Creo que escribir por puro placer es incompatible con las distancias largas. Escribir un relato, más aún un microrrelato, es algo equiparable a dibujar bocetos sobre un papel: algo divertido; si el resultado no nos gusta, se tira a la papelera y ya está: no hemos invertido demasiado tiempo en ello. Escribir una novela, por el contrario, equivale a pintar un gran lienzo, lo cual requiere planificación, tiempo y esfuerzo, y te somete a momentos de incertidumbre, alternados con algún que otro destello de euforia. Es decir, que la novela –al menos para mí– no es una distancia en la que me sienta muy cómodo. A la vez, dar por terminada una novela puede ser más satisfactorio, siempre que el resultado no haya quedado demasiado lejos de nuestras expectativas.

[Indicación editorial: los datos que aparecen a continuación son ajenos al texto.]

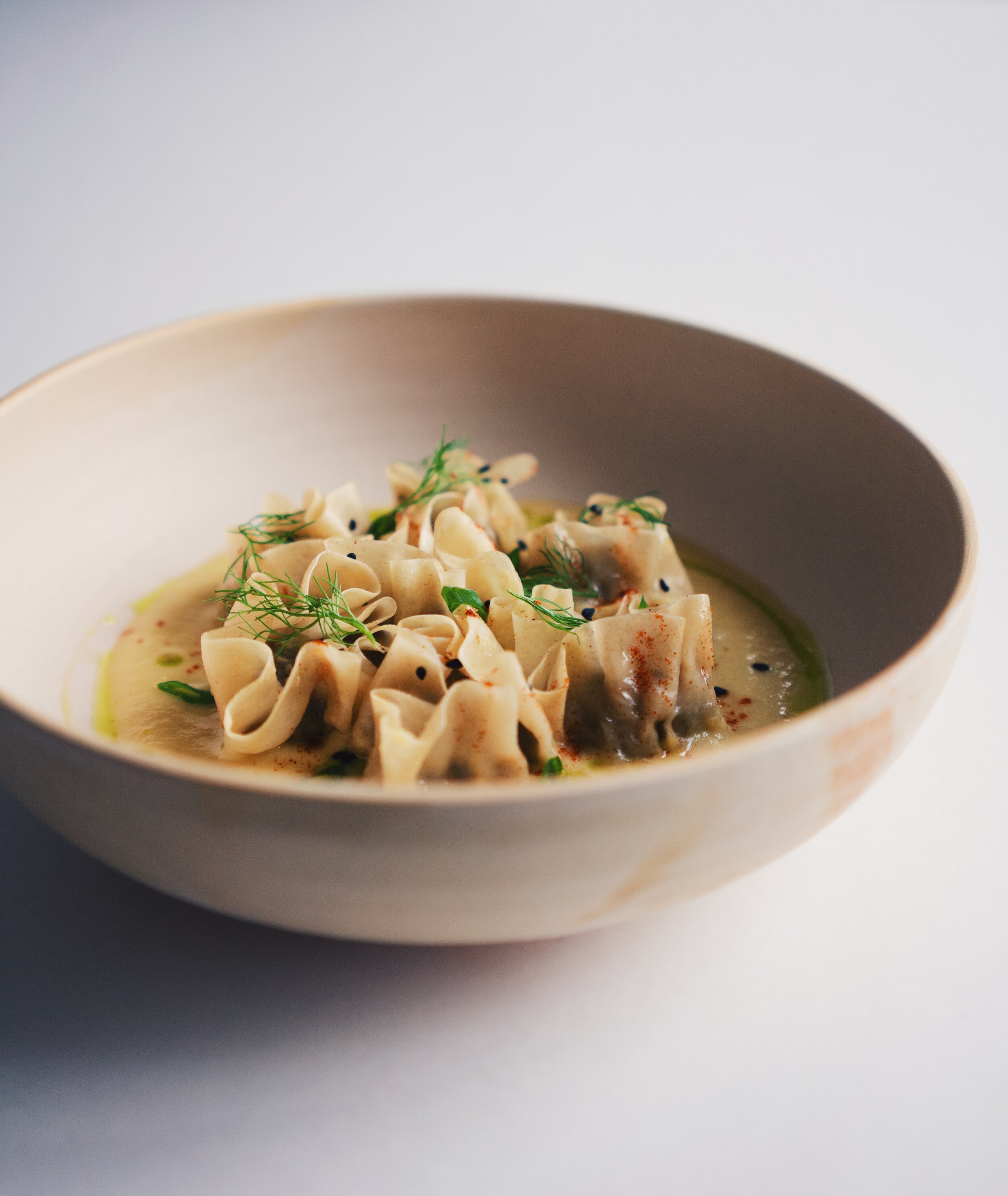 Pour broth into a shallow bowl. Place wontons in the middle and garnish with fennel fronds, sliced green onions, black sesame, and a little sprinkle of paprika. Drizzle green scallion oil and serve.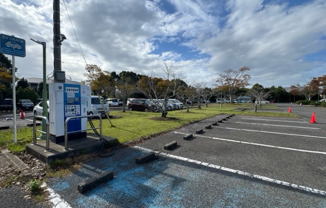 (株)東光高岳製30kW器です。芝生公園側の図書館前の駐車枠に設置されてます。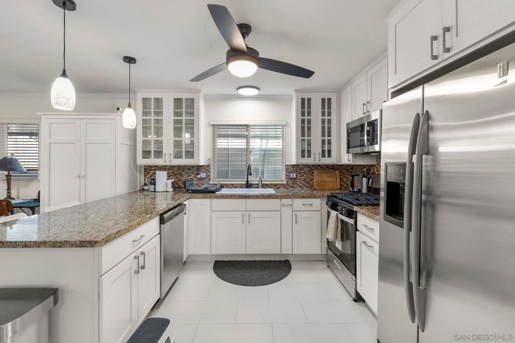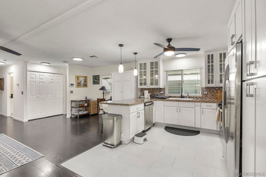 Updated and lovingly maintained 2 bedroom, 2 bath home in the prestigious 55+ community of Lakeshore Gardens! Remodeled kitchen with granite counter tops, tiled backsplash, stainless steel gas range, microwave, dishwasher and refrigerator. Extensive cabinets and bar style seating! Open concept floor plan with multiple skylights bringing in natural light. Hardwood laminate flooring and tiled kitchen and bathrooms. Expanded dual pane living room windows and rare corner gas fireplace! Ceiling fans in living and grand rooms. Open hutch across from dining area for additional storage. Crown molding throughout! Double doors to spacious covered deck. Unique rear and side yard which back up to a forested green belt making it peaceful, private & perfect for relaxing! Lakeshore Gardens is an active 55+, luxury manufactured home community located in Carlsbad! It is located on 54 acres of land, has 384 home sites, & 10 small lakes. Lush landscaping, greenbelts & mature trees throughout, giving the community a park-like feel. The ponds are home to turtles & many fish. Nature lovers have the best of all worlds here! The expansive 2 story clubhouse has a country club feel. The upper-level offers a card room with fireplace, billiard room & a beautiful balcony to enjoy ocean views. Lower level has a fabulous library, recreation room with a stage, commercial grade kitchen & restrooms. A large patio with fountain, fire pit, & outdoor fireplace just outside of the community room. A gated heated pool & spa, beautiful gym, ping pong table, RV parking & more. The entire park is enclosed with a 6 ft wall and security gates. So many activities in the community, almost daily, so residents can find friendship & companionship while attending events they enjoy. Activities include card games, bingo, monthly breakfasts, weekly potlucks, craft groups, golf groups, ladies’ luncheons & much more! You can be as active as you choose, right here at Lakeshore Gardens!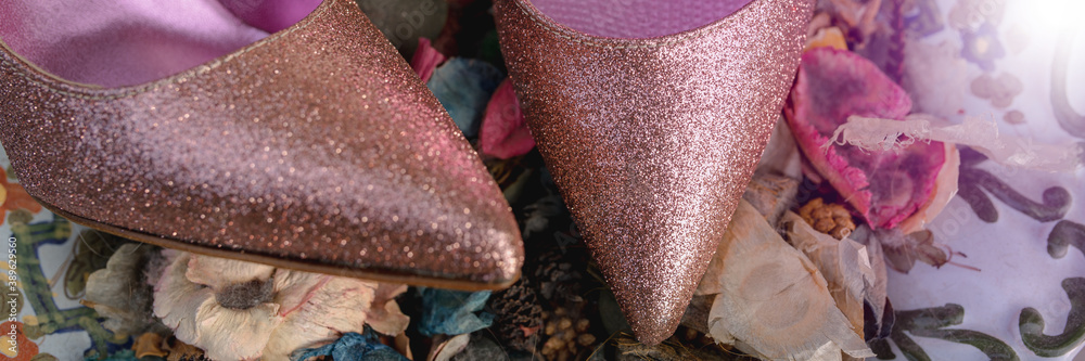 Horizontal banner closeup with pink and purple shoes with glitter and high-heels. Fashion glamour details concept.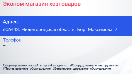 Эконом, магазин хозтоваров по адресу 606443, Нижегородская область, Бор, Максимова, 7 в дальнейшем Организация, размещена в следующих категориях: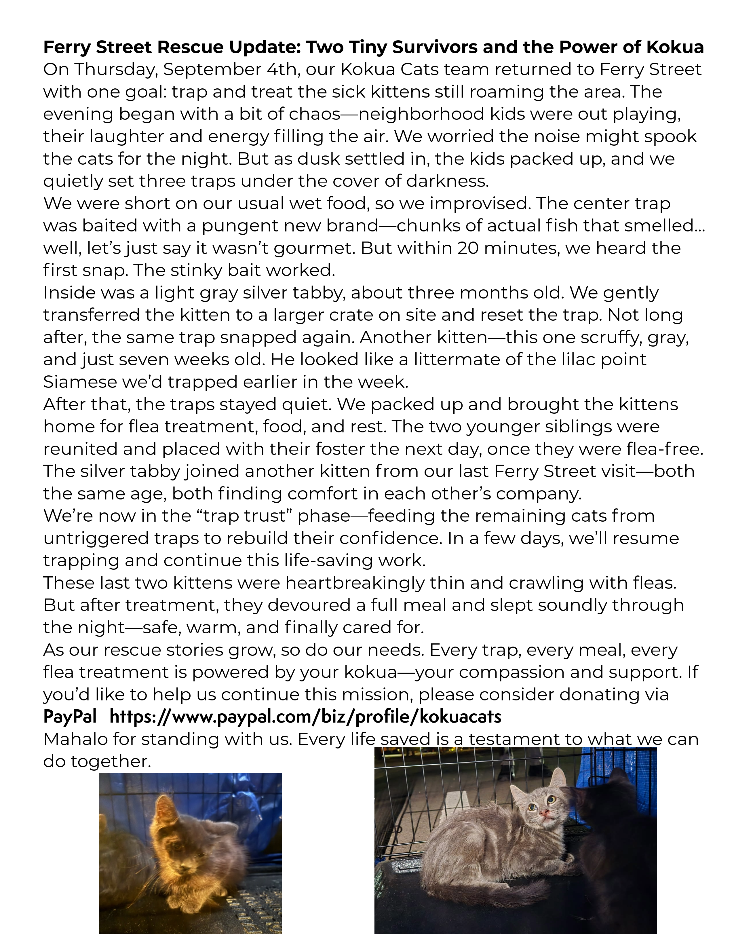You can make a difference in the lives of the Stray and Feral Street Cat Colonies in Albany, Oregon. It's time this issue be addressed and Kokua Cats needs Fosters!

P.- A sus últimos relatos, incluso a la novela que ya comentamos en su momento, La coartada del diablo, se les ha puesto la etiqueta de fronterizos entre lo fantástico y lo real. Yo he encontrado que, partiendo de hechos más o menos imposibles o improbables, los va llevando hacia lo más común, aunque sea lo más inesperado, como ocurre en el relato El día de los dones.
Como lector y como escritor, el género fantástico es con el que más disfruto. Hablo del género fantástico en sentido estricto, que es distinto de la literatura maravillosa o de la ciencia ficción, y cuya característica principal reside, precisamente, en la introducción de un elemento anómalo en un entorno común. El cuento “El día de los dones” quizá no quede estrictamente enclavado en el género, ya que linda con lo onírico. Ciertamente, la idea de partida no es por entero original: hay antecedentes en el cuento “El puente sobre el río del Búho”, de Ambrose Bierce, y en la película “La escalera de Jacob”, de Adrian Lyne. Sin revelar la trama, diré que en la revisión que he hecho le he dado una vuelta de tuerca a la historia original, permitiendo que el protagonista goce de ciertos dones que anhelaba.
P.- ¿Realmente hay siempre gente dispuesta a creerse las explicaciones más inverosímiles?
No me cabe duda. Pese al galopante materialismo que –según proclaman los más agoreros– nos rodea por todas partes en la sociedad actual, la gente necesita algo de magia en sus vidas: necesitamos que todo esto tenga un sentido y, si no se lo encontramos, pues nos lo inventamos. Por eso, ni las religiones ni las creencias más o menos lindantes con el ocultismo han perdido preponderancia en nuestros días. Tal vez, incluso, hayan prosperado.
P.- El relato La bestia en su guarida me ha parecido tan cercano, con tanta verosimilitud que es imposible que ocurra. ¿Cómo surgen ideas que lleven a escribir un relato como el que le comento?
Aunque no siempre, normalmente trato de construir un relato a partir de una idea básica (o de una “tesis”, diríamos en plan pedante). “La bestia en su guarida” surge de un renglón que tenía anotado en mi cuaderno de apuntes, donde decía algo así como: “Un hombre se obsesiona con el vaticinio de que lo van a matar, hasta conseguir que ese vaticinio se cumpla”. Más tarde, descubrí que existe un término para esto: “profecía autocumplida”. En fin: esa idea estaba ahí larvada, hasta que encontré la ambientación y el tono para contarla, que en este caso me vino de los cuentos de Rafael Balanzá, autor de Crímenes triviales; de ahí que le haya dedicado esta pieza.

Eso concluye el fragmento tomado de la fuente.